Zelda aceptó su propuesta de matrimonio, pero después de un tiempo y a pesar de trabajar en una empresa publicitaria y escribir historias cortas, Fitzgerald no consiguió convencerla de que sería capaz de mantenerla, por lo que ella rompió el compromiso. Fitzgerald regresó a la casa de sus padres en la Av. Summit 599 de Cathedral Hill, en St. Paul, para revisar The Romantic Egotist y reestructurarla como This Side of Paradise, una representación semiautobiográfica de los años de carrera de Fitzgerald en Princeton. Fitzgerald tenía tan poco dinero que durante un tiempo trabajó reparando techos de automóviles. Su novela revisada fue aceptada por Scribner en el otoño de 1919 y publicada el 26 de marzo de 1920. Se convirtió en un éxito inmediato, llegó a vender 41 075 ejemplares el primer año y significó el inicio de la carrera de Fitzgerald como escritor, quien consiguió un salario estable que permitía satisfacer las necesidades de Zelda. Renovaron su compromiso y finalmente se casaron en la catedral de San Patricio de Nueva York.
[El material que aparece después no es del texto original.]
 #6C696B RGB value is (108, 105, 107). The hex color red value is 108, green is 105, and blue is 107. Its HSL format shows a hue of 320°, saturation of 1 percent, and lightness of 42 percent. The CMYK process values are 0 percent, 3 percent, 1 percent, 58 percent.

Durante su larga y tormentosa relación, Zelda menoscabó la autoestima del autor, llevándolo al borde mismo de la paranoia con sus constantes alusiones a la falta de hombría de la que según ella hacía gala Fitzgerald. Aún con todo, su relación continuó, pese a las constantes infidelidades de Zelda. El 26 de octubre de 1921 nace su hija única, Frances Scott Fitzgerald, "Scottie".
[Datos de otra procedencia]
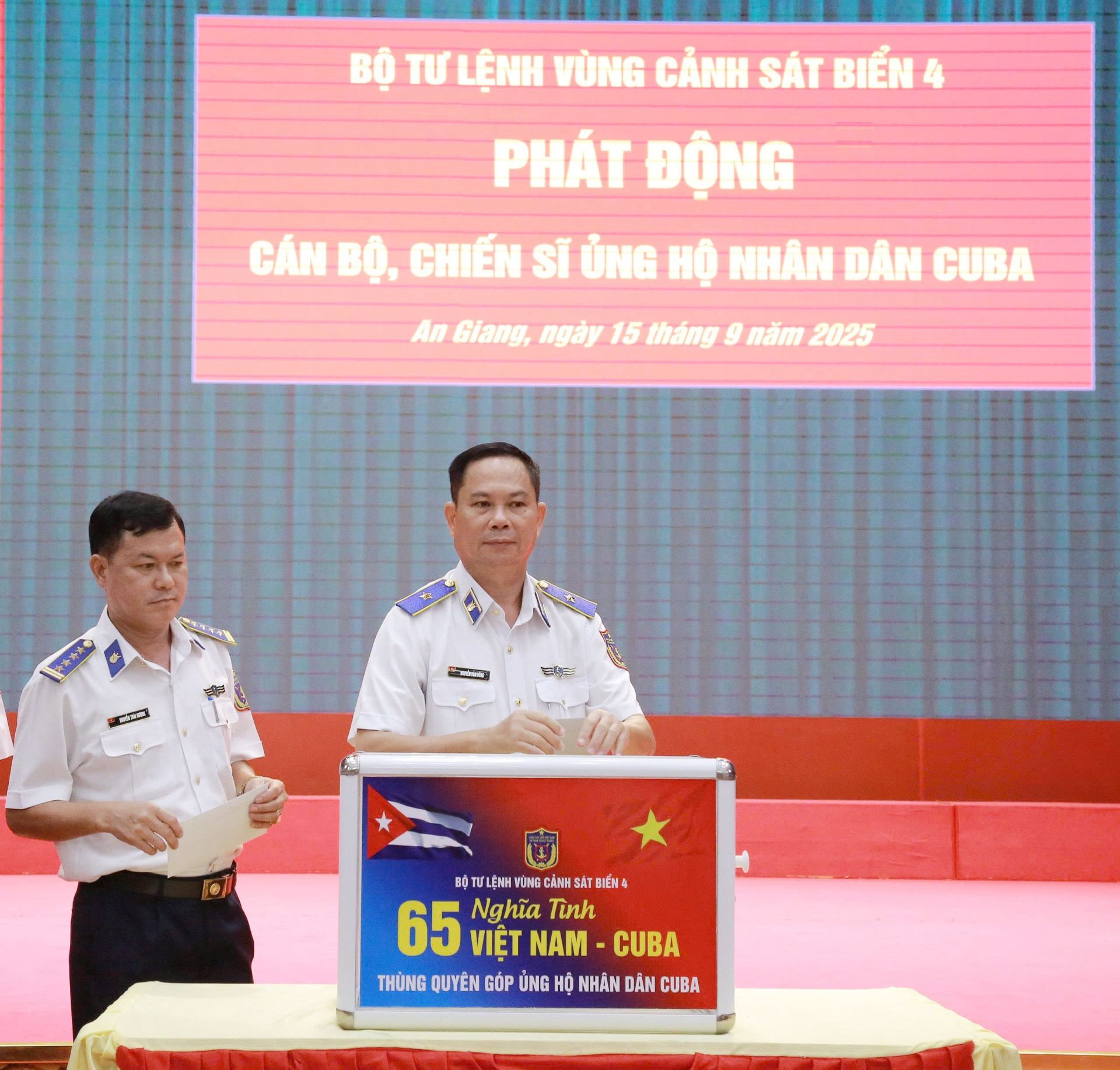 Tại buổi phát động, Thiếu tướng Nguyễn Văn Dũng đã quán triệt toàn văn Lời kêu gọi của Ban chấp hành trung ương Hội Chữ thập đỏ Việt Nam về vận động ủng hộ Nhân dân Cuba; khái quát lại lịch sử, truyền thống, mối quan hệ hữu nghị, đoàn kết đặc biệt, thủy chung, son sắt, là biểu tượng sáng ngời của tình đoàn kết quốc tế giữa hai dân tộc Việt Nam - Cuba. Đồng chí Chính ủy Vùng nhấn mạnh: “Hoạt động này của cán bộ, chiến sĩ BTL Vùng là hết sức thiết thực, ý nghĩa, thể hiện truyền thống “thương người như thể thương thân”, đạo lý thủy chung son sắt, trước sau như một của dân tộc Việt Nam, đồng thời nêu cao tinh thần trách nhiệm quốc tế và trách nhiệm xã hội của BTL Vùng Cảnh sát biển 4”.

El París de los años veinte fue el lugar y década más influyente en el desarrollo de Fitzgerald; viajó con frecuencia a Europa, por lo general a París y la Riviera francesa, y se hizo amigo de muchos miembros de la comunidad de estadounidenses expatriados en París, en especial de Ernest Hemingway. La amistad de Fitzgerald con Hemingway era bastante apasionada, como solía ocurrir con las relaciones de Fitzgerald. Hemingway no se llevaba bien con Zelda y no solo la tildó de "loca" en sus memorias, A Moveable Feast, sino que también afirmó que Zelda "alentaba a su esposo a beber para distraerlo de su trabajo en la novela", con el fin de que pudiera dedicarse a las historias cortas para mantener su estilo de vida. Como muchos autores profesionales de su época, Fitzgerald complementaba sus ganancias escribiendo relatos para revistas como The Saturday Evening Post, Collier's Weekly y Esquire, y vendía sus historias y novelas a los estudios de Hollywood. Esta "prostitución", como Fitzgerald y Hemingway llamaban a esas ventas, fue motivo de fricción en la amistad de los dos autores. Fitzgerald decía que primero escribía sus historias de forma 'auténtica' y que luego las reescribía para darles el "toque que las convertía en historias vendibles para revistas".